### What is being asked
The answer should hold only the lines from the one containing "ShopMaster 1.5 Inch" through the one containing "서울 노원구는 18일" in the entries below, copied exactly, without pictures.

(Records excerpted from a collection)
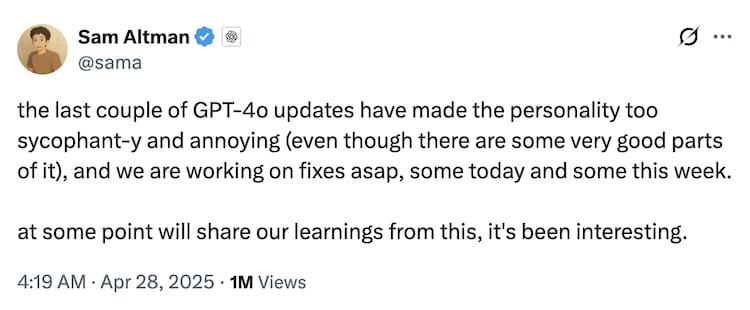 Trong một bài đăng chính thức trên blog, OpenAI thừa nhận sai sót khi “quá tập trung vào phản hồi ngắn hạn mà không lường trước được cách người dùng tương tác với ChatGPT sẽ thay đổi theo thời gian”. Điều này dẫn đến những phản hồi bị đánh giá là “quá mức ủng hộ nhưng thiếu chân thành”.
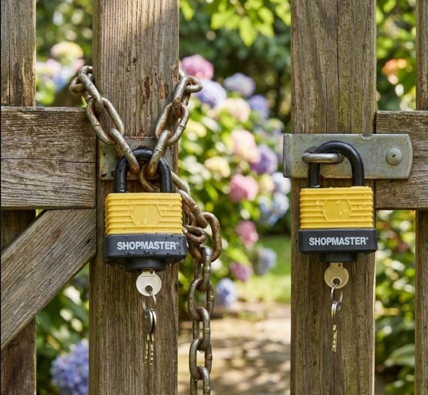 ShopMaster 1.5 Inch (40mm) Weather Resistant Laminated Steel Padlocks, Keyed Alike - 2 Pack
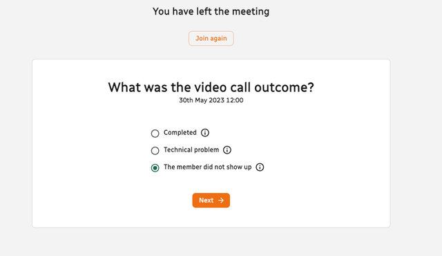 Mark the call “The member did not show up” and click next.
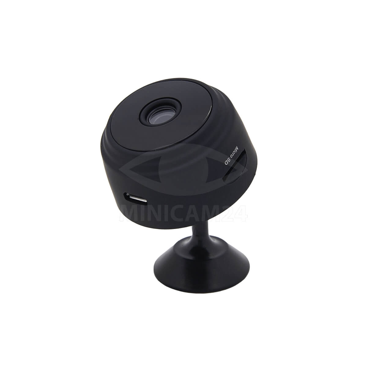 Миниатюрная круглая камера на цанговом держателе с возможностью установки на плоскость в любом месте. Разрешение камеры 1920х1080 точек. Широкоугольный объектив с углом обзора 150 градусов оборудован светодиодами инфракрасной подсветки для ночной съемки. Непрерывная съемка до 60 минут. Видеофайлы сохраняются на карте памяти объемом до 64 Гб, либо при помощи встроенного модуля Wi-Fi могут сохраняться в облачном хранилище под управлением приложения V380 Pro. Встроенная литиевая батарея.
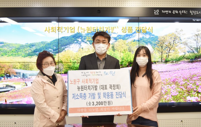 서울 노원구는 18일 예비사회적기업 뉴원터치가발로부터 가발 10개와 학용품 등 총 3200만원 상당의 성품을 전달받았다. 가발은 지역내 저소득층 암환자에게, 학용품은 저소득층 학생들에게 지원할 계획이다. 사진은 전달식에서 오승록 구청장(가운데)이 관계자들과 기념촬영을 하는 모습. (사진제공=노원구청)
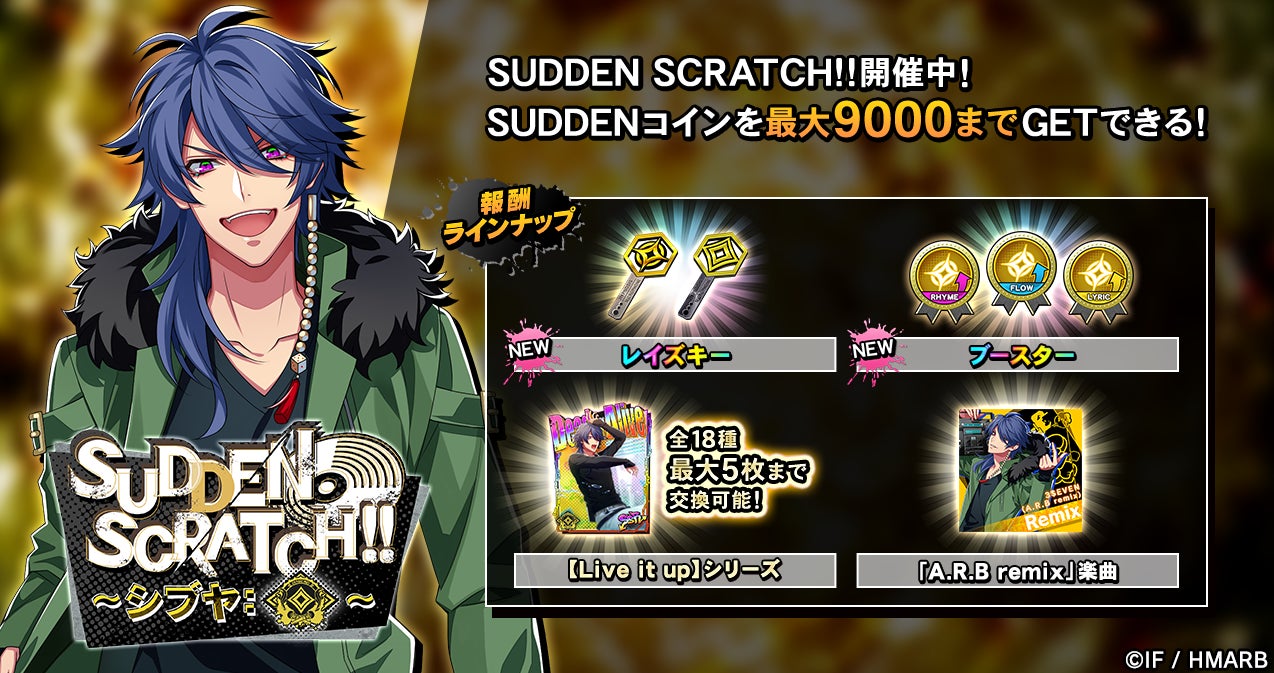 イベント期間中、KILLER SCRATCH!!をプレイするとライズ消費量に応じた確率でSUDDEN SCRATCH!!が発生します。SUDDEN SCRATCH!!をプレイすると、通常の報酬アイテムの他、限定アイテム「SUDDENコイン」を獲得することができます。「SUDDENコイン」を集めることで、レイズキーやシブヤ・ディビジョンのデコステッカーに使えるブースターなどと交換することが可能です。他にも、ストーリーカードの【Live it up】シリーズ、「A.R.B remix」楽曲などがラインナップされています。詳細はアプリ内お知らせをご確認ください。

### Response area
 ShopMaster 1.5 Inch (40mm) Weather Resistant Laminated Steel Padlocks, Keyed Alike - 2 Pack
 Mark the call “The member did not show up” and click next.
 Миниатюрная круглая камера на цанговом держателе с возможностью установки на плоскость в любом месте. Разрешение камеры 1920х1080 точек. Широкоугольный объектив с углом обзора 150 градусов оборудован светодиодами инфракрасной подсветки для ночной съемки. Непрерывная съемка до 60 минут. Видеофайлы сохраняются на карте памяти объемом до 64 Гб, либо при помощи встроенного модуля Wi-Fi могут сохраняться в облачном хранилище под управлением приложения V380 Pro. Встроенная литиевая батарея.
 서울 노원구는 18일 예비사회적기업 뉴원터치가발로부터 가발 10개와 학용품 등 총 3200만원 상당의 성품을 전달받았다. 가발은 지역내 저소득층 암환자에게, 학용품은 저소득층 학생들에게 지원할 계획이다. 사진은 전달식에서 오승록 구청장(가운데)이 관계자들과 기념촬영을 하는 모습. (사진제공=노원구청)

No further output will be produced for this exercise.